Source material
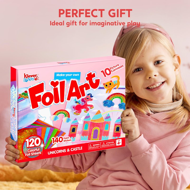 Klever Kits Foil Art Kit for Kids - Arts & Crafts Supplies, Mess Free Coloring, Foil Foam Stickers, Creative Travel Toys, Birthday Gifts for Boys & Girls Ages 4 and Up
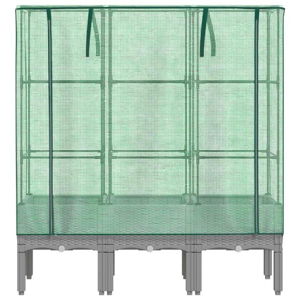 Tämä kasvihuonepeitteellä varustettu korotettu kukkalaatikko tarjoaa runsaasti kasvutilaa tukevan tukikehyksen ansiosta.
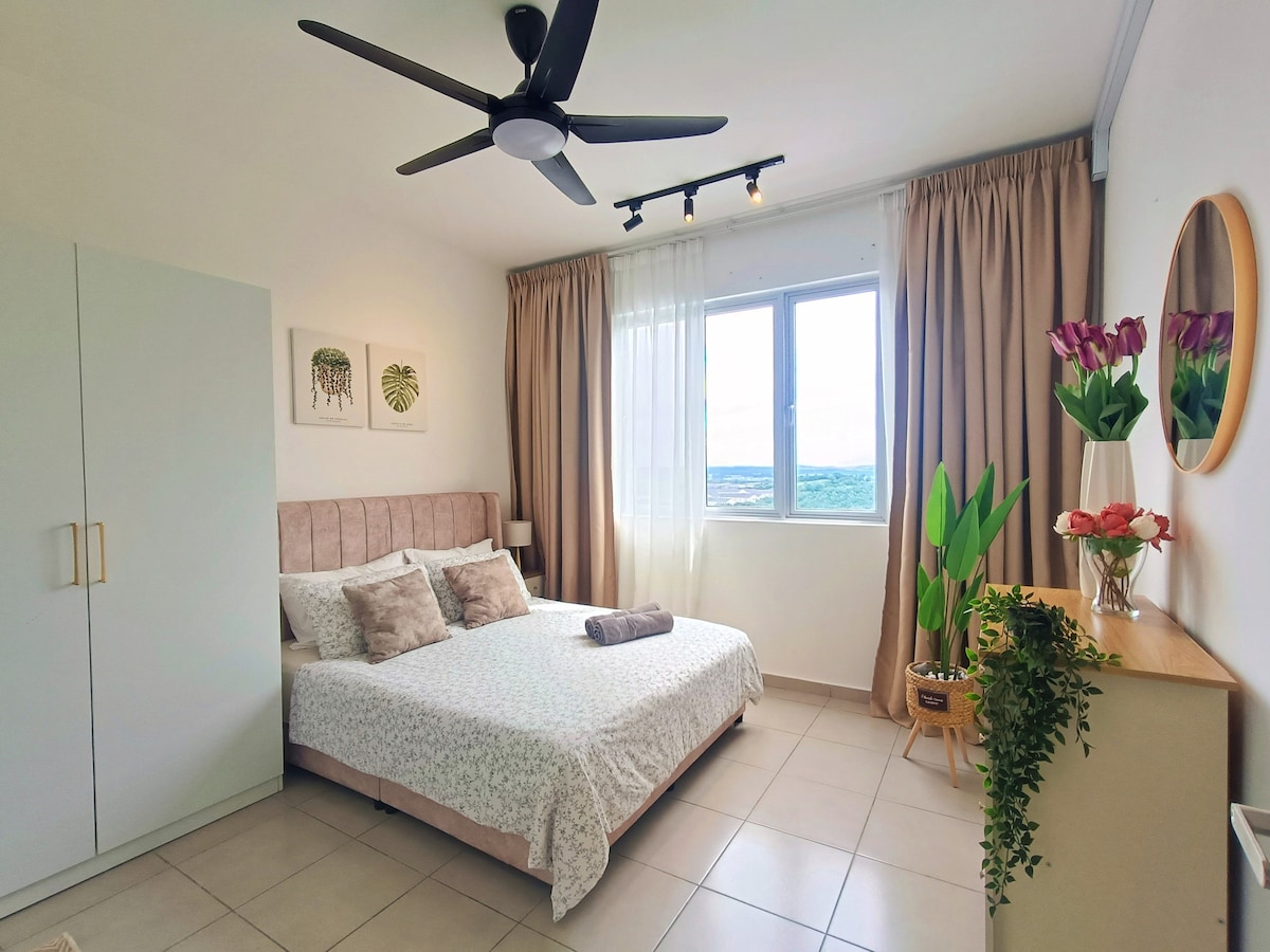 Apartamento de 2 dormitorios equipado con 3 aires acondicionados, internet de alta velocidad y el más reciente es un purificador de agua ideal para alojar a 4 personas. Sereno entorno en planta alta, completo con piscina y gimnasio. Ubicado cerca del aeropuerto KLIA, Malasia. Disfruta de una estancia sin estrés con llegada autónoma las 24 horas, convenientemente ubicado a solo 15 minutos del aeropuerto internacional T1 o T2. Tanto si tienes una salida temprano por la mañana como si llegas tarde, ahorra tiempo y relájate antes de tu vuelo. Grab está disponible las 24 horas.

The problem
Write out the listing above exactly, images omitted.

Output for this task
 Klever Kits Foil Art Kit for Kids - Arts & Crafts Supplies, Mess Free Coloring, Foil Foam Stickers, Creative Travel Toys, Birthday Gifts for Boys & Girls Ages 4 and Up
 Tämä kasvihuonepeitteellä varustettu korotettu kukkalaatikko tarjoaa runsaasti kasvutilaa tukevan tukikehyksen ansiosta.
 Apartamento de 2 dormitorios equipado con 3 aires acondicionados, internet de alta velocidad y el más reciente es un purificador de agua ideal para alojar a 4 personas. Sereno entorno en planta alta, completo con piscina y gimnasio. Ubicado cerca del aeropuerto KLIA, Malasia. Disfruta de una estancia sin estrés con llegada autónoma las 24 horas, convenientemente ubicado a solo 15 minutos del aeropuerto internacional T1 o T2. Tanto si tienes una salida temprano por la mañana como si llegas tarde, ahorra tiempo y relájate antes de tu vuelo. Grab está disponible las 24 horas.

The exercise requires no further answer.